** Opening Provided material block **
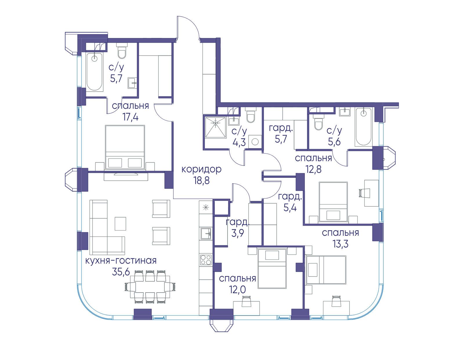 Квартира 4-комн., 140 м2, 9/17 этаж,
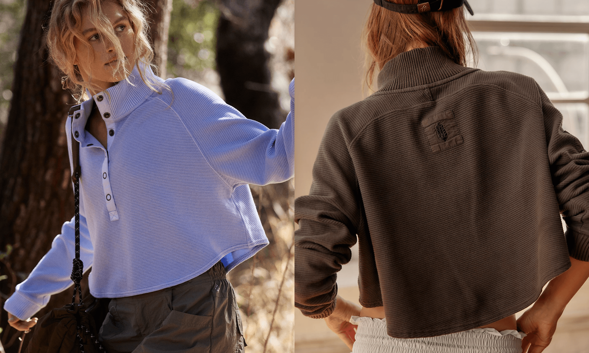 This long-sleeve has us dreaming of cozy mornings on the couch. It’s cropped so it pairs well with leggings or high-waisted pants, but its boxy shape keeps it roomy and comfortable. Throw it on over PJs or loungewear to start your day, or add boyfriend jeans for a chic, relaxed look. ($78)
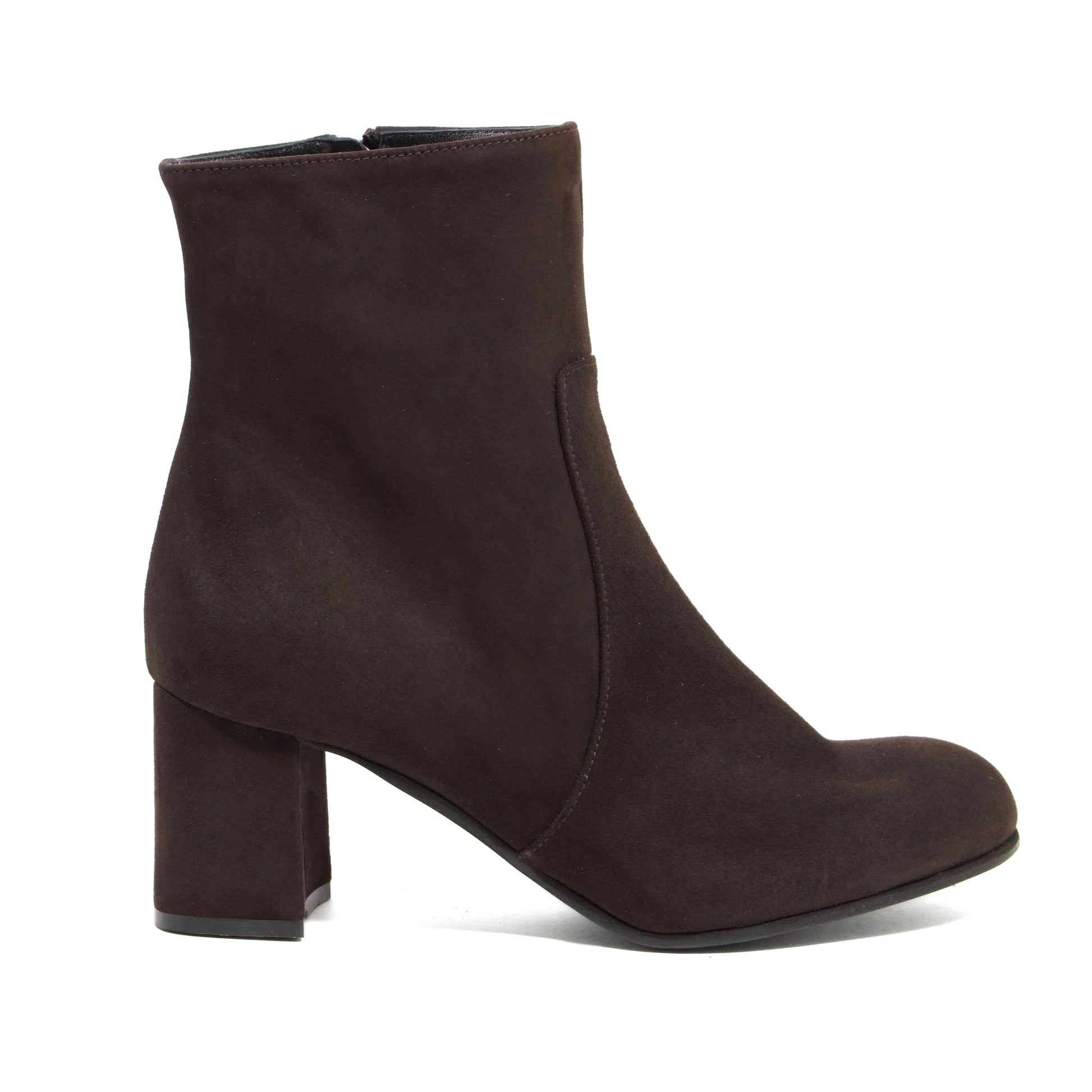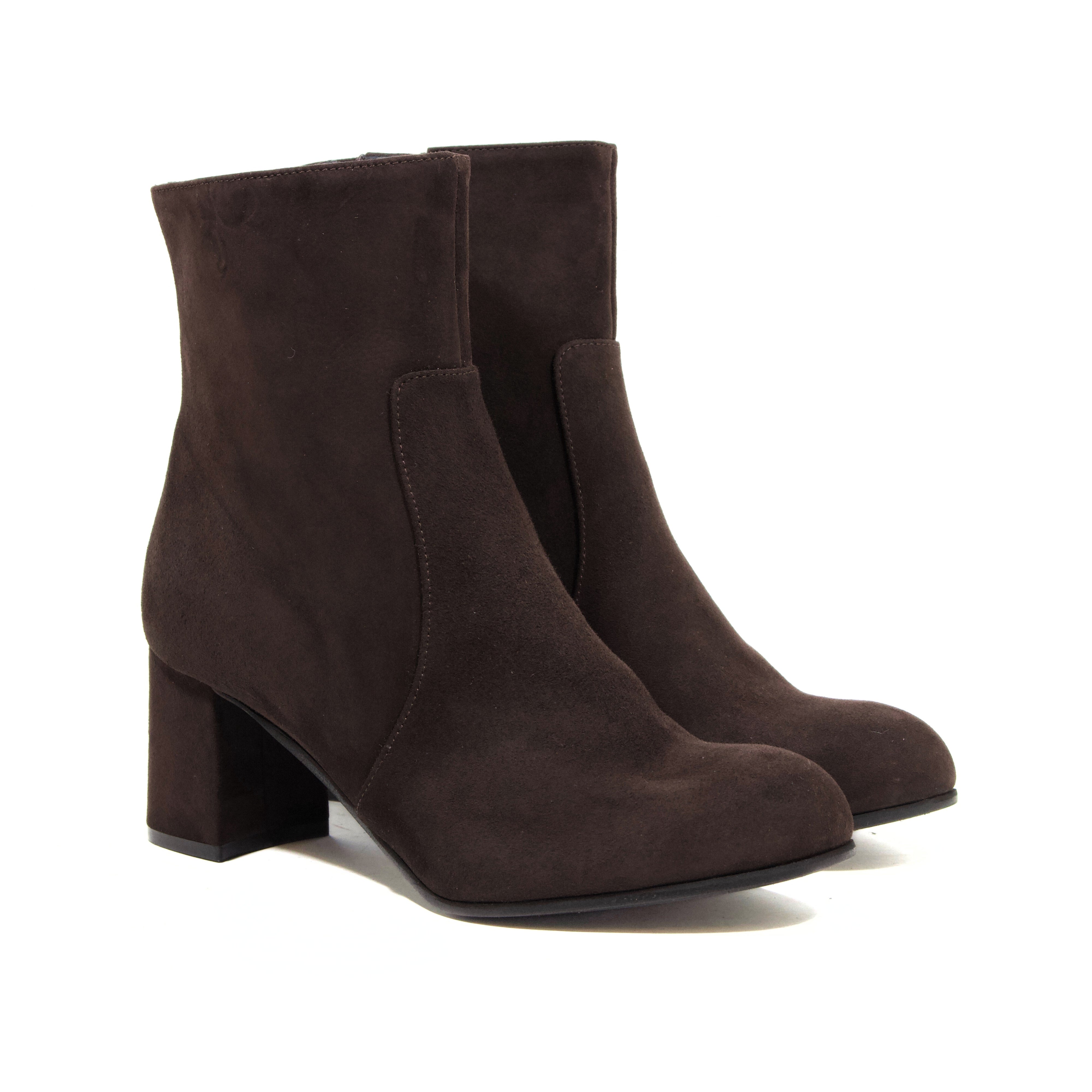 TRONCHETTO IN CAMOSCIO TESTA DI MORO CON TACCO A BLOCCO E PUNTA ARROTONDATA
** Closing Provided material block **
• [What this task involves]
Write out the data exactly, and exclude every picture it holds.

• [Reply]
 Квартира 4-комн., 140 м2, 9/17 этаж,
 This long-sleeve has us dreaming of cozy mornings on the couch. It’s cropped so it pairs well with leggings or high-waisted pants, but its boxy shape keeps it roomy and comfortable. Throw it on over PJs or loungewear to start your day, or add boyfriend jeans for a chic, relaxed look. ($78)
 TRONCHETTO IN CAMOSCIO TESTA DI MORO CON TACCO A BLOCCO E PUNTA ARROTONDATA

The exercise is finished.